This post is part of our Weekly Tips series.
The subject of authenticity came up recently in a workshop I was leading, and the conundrum of how to be trustworthy by simultaneously being yourself and being someone who adapts easily to others. Something occurred to me in the discussion that I’d never quite articulated before, which is that the answer lies in staying within our own authentic range.
Indulge, if you would, illustration by this brief story.
I’m naturally a pretty optimistic person, and when I was a 20-something, consulting mostly to U.S. federal government clients, I was determined not to get sucked into the common belief that government workers didn’t care about their work and were just clocking hours.
I was assigned to work with “Harold” on the initiative-du-jour to “transform the government.” Harold was within months of retirement after 20+ years of service—he was literally counting the days. He had also already witnessed more efforts to transform the government than I had turned in timesheets. At this point in his career, he wasn’t exactly an enthusiastic, high-energy guy. (I’m not sure he ever was, but that’s beside the point.)
[Tweet “Here’s how you can be #trustworthy by both being yourself AND being someone who adapts easily to others” #getreal]

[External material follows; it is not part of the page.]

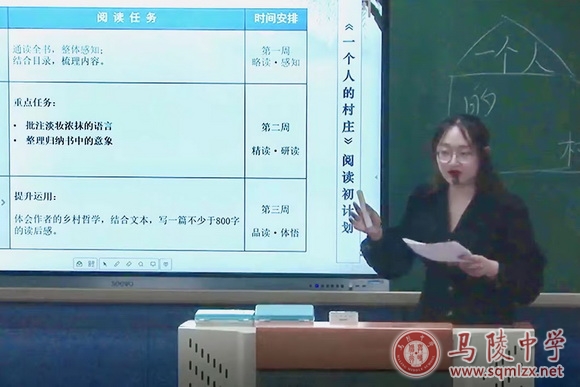 张紫葳老师执教的是《一个人的村庄》课前导引课,由课前调研、作家眼中的村庄、读法指导和制订阅读计划等环节,激发兴趣,整体感知,由浅入深,取得了很好的导引和导读效果。

Nonetheless, it was my job to engage him as a key stakeholder. And by golly, I wasn’t going to let his demeanor get me down. No, sir. I would be contagious with my positivity and lift him up!
I distinctly remember appearing in his doorway one morning, several weeks into the project. Before I had a chance to speak, Harold looked up at me over the top of his bifocals, blinked slowly, sighed loudly, and said, “You’re so … perky.”
It was clear it wasn’t a compliment. It was also clear my Harold Engagement Strategy was backfiring.
The challenge for me, then, was to be authentic while also finding a better way to connect with Harold—to build a better relationship, sure, but also to get what I needed from him before he departed.
What I discovered was that I have a range. My optimism often manifests outwardly in a high-energy way. I can also be quiet and reflective. I live, authentically, on a spectrum. Harold needed me to express the lower end of my range with him, for his sanity and for the benefit of our working relationship. So I got to practice staying fundamentally optimistic while (1) being more empathetic and (2) being my lower-key self.
It seems to me that you, too, have a spectrum—lots of them, actually—for different dimensions of your personality, and for different circumstances. Which means you can tune into others and adjust without compromising your integrity.
You’ll be authentic, effective, and trustworthy as long as you stay within your range.
This week, think about the ways you are simultaneously two things on the ends of different spectra—for example, energetic and quiet, decisive and thoughtful. Then think of three clients and place them on those spectra. Look for ways to meet them where they are, from where you are.